Colored Women as Voters

Woman Suffrage
Author

Logan, Aella Hunt

Published

March 1, 1912

More and mocre colored women are studying public questions and civics. As they gain information and have experience in their daily vocations and in their efforts for human betterment they are convinced, as many other women have long ago been convinced, that their efforts would be more telling if women had the vote.

The fashion of saying “I do not care to meddle with politics” is disappearing among the colored woman faster than most people think, for this same woman has learned that politics meddle constantly with her and hers.

Good women try always to do good house-keeping. Building inspectors, sanitary inspectors and food inspectors owe their positions to politics. Who then is so well informed as to how these inspectors perform their duties as the women who live in inspected districts and in inspected houses, and who buy food from inspected markets?

Adequate school facilities in city, village and plantation districts greatly concern the black mother. But without a vote she has no voice in educational legislation, and no power to see that her children secure their share of public-school funds.

Negro parents admit that their own children are not all angels, but they know that the environments which they are helpless to regulate increase misdemeanor and crime. They know, too, that officers, as a rule, recognize few obligations to voteless citizens.

When colored juvenile delinquents are arraigned, few judges or juries feel bound to give them the clemency due a neglected class. When sentence is pronounced on mischievous youngsters, too often imprisoned with adult criminals and come out hardened and not helped by their punishment. When colored mothers ask for a reform school for a long time they receive no answer. They must wait while they besiege their legislature. Having no vote they need not be feared or heeded. The “right of petition” is good; but it is much better when well voted in.

Not only is the colored woman awake to reforms that may be hastened by good legislation and wise administration, but where she has the ballot she is reported as using it for the uplift of society and for the advancement of the State.

In California the colored woman bore her part creditably in the campaign for equal suffrage and also with commendable patriotism in the recent presidential nomination campaign.

The State of Washington, new with its votes-for-women law, has already had a colored woman juror. Why not? She is educated and wealthy and wants to protect the best interests in her State.

Colorado has never had better school officials than her women have made. Judge Ben. Lindsey is as popular with colored women voters as he is with white women voters. The juvenile court over which he presides gives the boy a square deal regardless of color. A majority of mothers and fathers can be counted on every time to support such an official.

Wyoming, Utah and Idaho, the other full suffrage States, have few colored women, but these few are not hurt by, but are being helped by, their voting privileges.

In the States that are now conducting woman suffrage campaigns the colored woman is as interested and probably as active as conditions warrant. This is notably true of Ohio and Kansas.
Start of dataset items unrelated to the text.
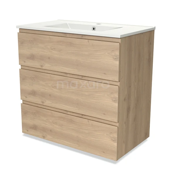 Modulo Waschtische | 80 cm Hellbraune Eiche Grifflos front Keramik 3 Schubladen
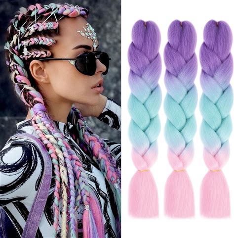 Rainbow Braiding Hair Extensions Colorful Braiding Hair Pre Stretched 24Inch 3Packs Pink Ombre Braiding Hair Purple-Green-Pink
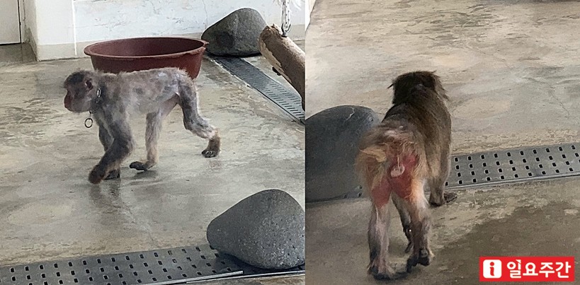 | ▲제주 리조트시설 ‘퍼시픽 리솜’ 내 공연에 동원되는 일본 원숭이에게서 털 빠짐 현상이 관찰된다. 동물자유연대에 따르면 해당 원숭이들은 과도한 스트레스로 인해 정형 행동까지 보였다. <사진=동물자유연대 제공> |
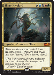 Some vocal players see M15’s Slivers as a mockery of the creature type—by affecting only their controller’s Slivers and changing the iconic look of the original, they argue it dilutes the joy of a Sliver deck. I don’t agree, but I do see their point when I look at the Hivelord. It’s a vital piece of a Sliver deck, but it’s not a 7/7. Plus it disrupts the predictable pattern of Legendary Slivers, embodying the changes foisted upon the classic casual tribe.
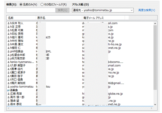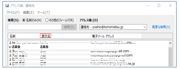 なお、下図アドレス帳で個別の内容を変更したいときは、その行をダブルクリック(右クリック~プロパティでも可)すると、次項の「連絡先」の図が現れるので修正できます。
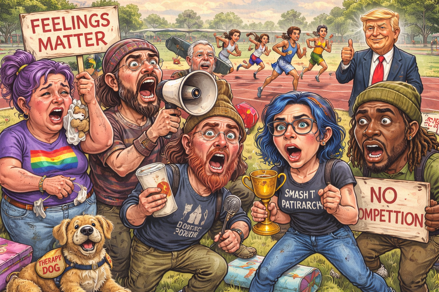 Within minutes, progressive “warriors” flooded social media claiming the games unfairly prioritize strength, speed, and winning over feelings, reflection, and loosely structured conversations about childhood trauma.

A number of colored women are active members of the National Woman Suffrage Association. They are well informed and are diligent in the spread of propaganda. Women who see that they need the vote see also that the vote needs them. Colored women feel keenly that they may help in civic betterment, and that their broadened interests in matters of good government may arouse the colored brother, who for various reasons has become too indifferent to his duties of citizenship.

The suffrage map shows that six States have equal political rights for women and men, and that a much larger number have granted partial suffrage to women. In all these the colored woman is taking part, not as fully as she will when the question is less of an experiment, not as heartily as she will when her horizon broadens, but she bears her part.

This much, however, is true now: the colored American believes in equal justice to all, regardless of race, color, creed or sex, and longs for the day when the United States shall indeed have a government of the people, for the people and by the people—even including the colored people.